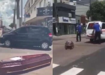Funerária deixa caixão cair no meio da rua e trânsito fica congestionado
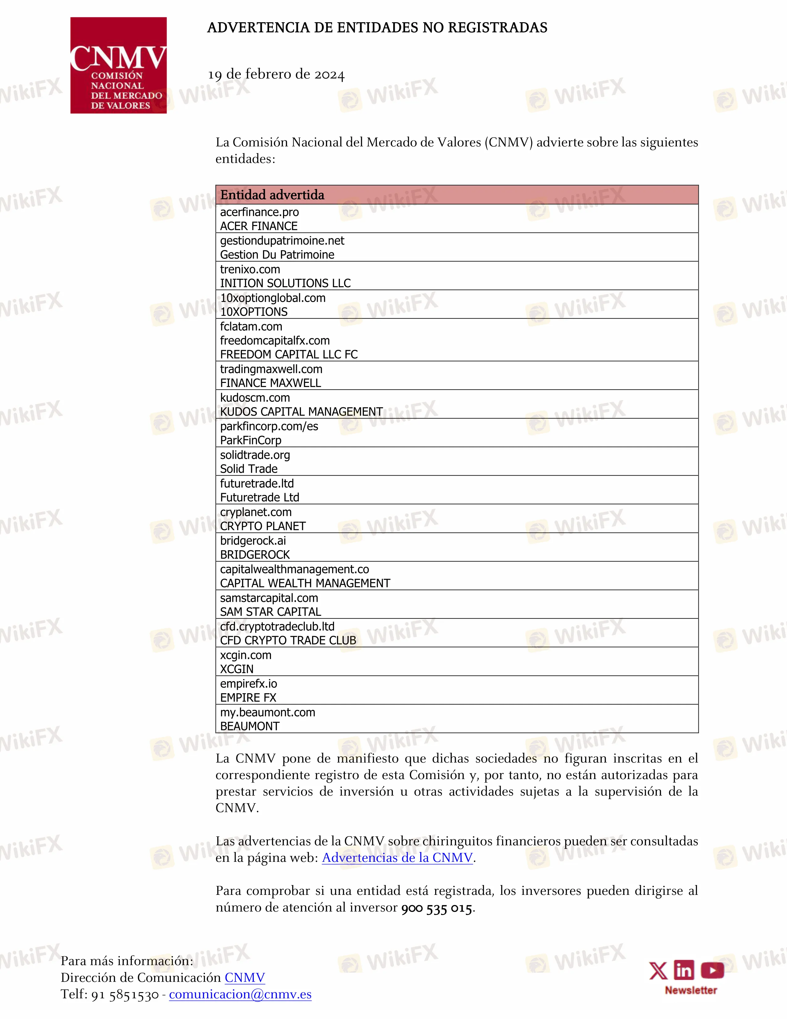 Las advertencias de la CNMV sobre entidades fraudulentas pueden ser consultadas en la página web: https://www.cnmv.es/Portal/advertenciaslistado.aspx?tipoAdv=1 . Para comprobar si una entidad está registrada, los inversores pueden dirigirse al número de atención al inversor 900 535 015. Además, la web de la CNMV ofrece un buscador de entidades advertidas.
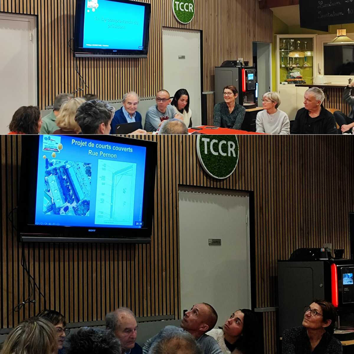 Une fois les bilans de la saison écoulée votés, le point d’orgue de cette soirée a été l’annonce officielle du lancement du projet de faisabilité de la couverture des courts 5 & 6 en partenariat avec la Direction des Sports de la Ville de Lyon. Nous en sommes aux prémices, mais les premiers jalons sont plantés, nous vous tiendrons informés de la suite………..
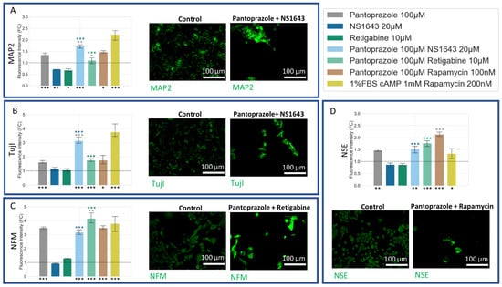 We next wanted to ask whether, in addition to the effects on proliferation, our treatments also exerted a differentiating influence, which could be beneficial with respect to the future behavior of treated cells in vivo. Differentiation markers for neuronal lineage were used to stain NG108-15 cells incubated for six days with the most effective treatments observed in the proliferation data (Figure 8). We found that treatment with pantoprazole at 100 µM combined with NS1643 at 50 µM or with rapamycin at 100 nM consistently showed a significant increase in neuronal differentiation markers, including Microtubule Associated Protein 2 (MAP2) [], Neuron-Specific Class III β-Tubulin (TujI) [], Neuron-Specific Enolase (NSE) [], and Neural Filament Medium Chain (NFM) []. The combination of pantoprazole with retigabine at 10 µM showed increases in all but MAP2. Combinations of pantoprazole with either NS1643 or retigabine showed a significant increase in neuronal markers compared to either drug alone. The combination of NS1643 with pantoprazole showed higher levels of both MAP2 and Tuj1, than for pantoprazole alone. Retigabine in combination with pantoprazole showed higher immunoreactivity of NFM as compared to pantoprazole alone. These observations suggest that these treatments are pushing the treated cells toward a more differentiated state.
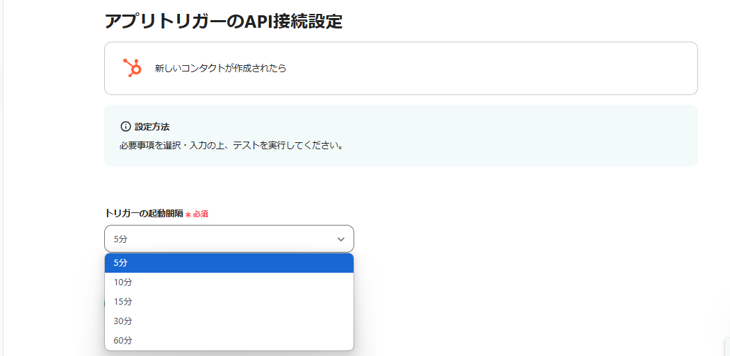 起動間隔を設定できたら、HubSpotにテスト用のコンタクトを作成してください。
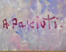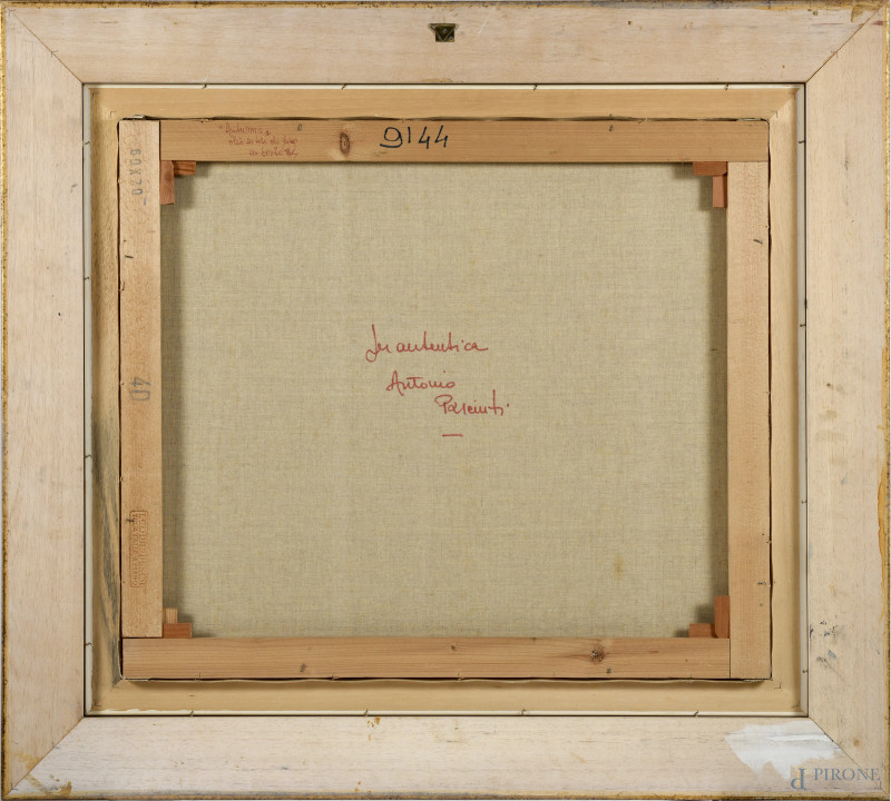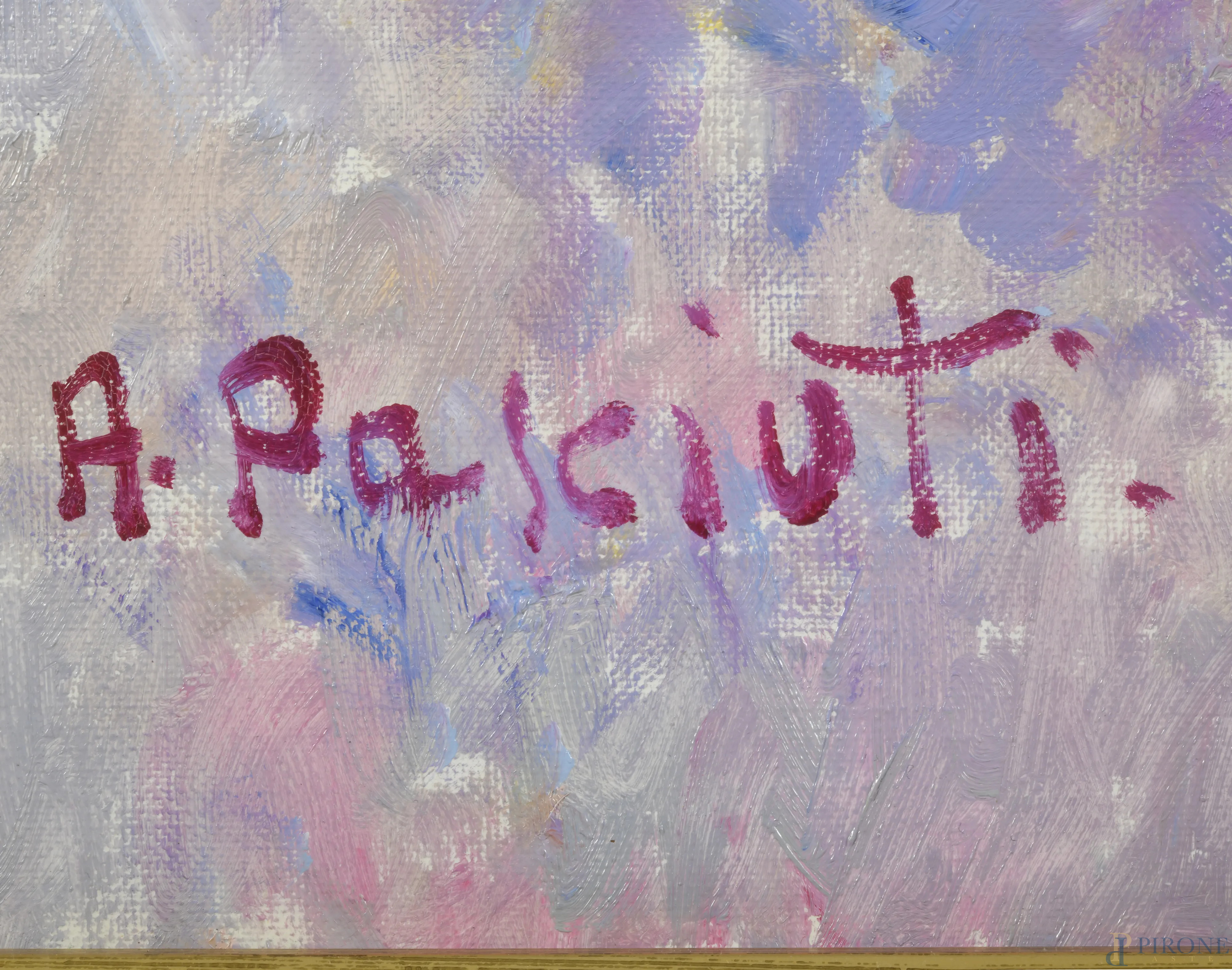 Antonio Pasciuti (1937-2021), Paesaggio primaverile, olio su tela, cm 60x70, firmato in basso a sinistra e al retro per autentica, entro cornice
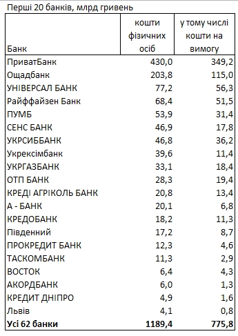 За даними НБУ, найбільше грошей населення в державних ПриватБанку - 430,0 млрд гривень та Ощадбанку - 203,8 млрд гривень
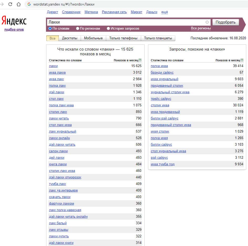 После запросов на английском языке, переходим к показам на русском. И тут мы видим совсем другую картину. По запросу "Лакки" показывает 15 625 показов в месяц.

### What the task requires
All that is required is an exact reproduction of the lines from the one containing "Antonio Pasciuti (1937-2021), Paesaggio" to the final line of the listing above, pictures omitted.

### Response below
 Antonio Pasciuti (1937-2021), Paesaggio primaverile, olio su tela, cm 60x70, firmato in basso a sinistra e al retro per autentica, entro cornice
 За даними НБУ, найбільше грошей населення в державних ПриватБанку - 430,0 млрд гривень та Ощадбанку - 203,8 млрд гривень
 После запросов на английском языке, переходим к показам на русском. И тут мы видим совсем другую картину. По запросу "Лакки" показывает 15 625 показов в месяц.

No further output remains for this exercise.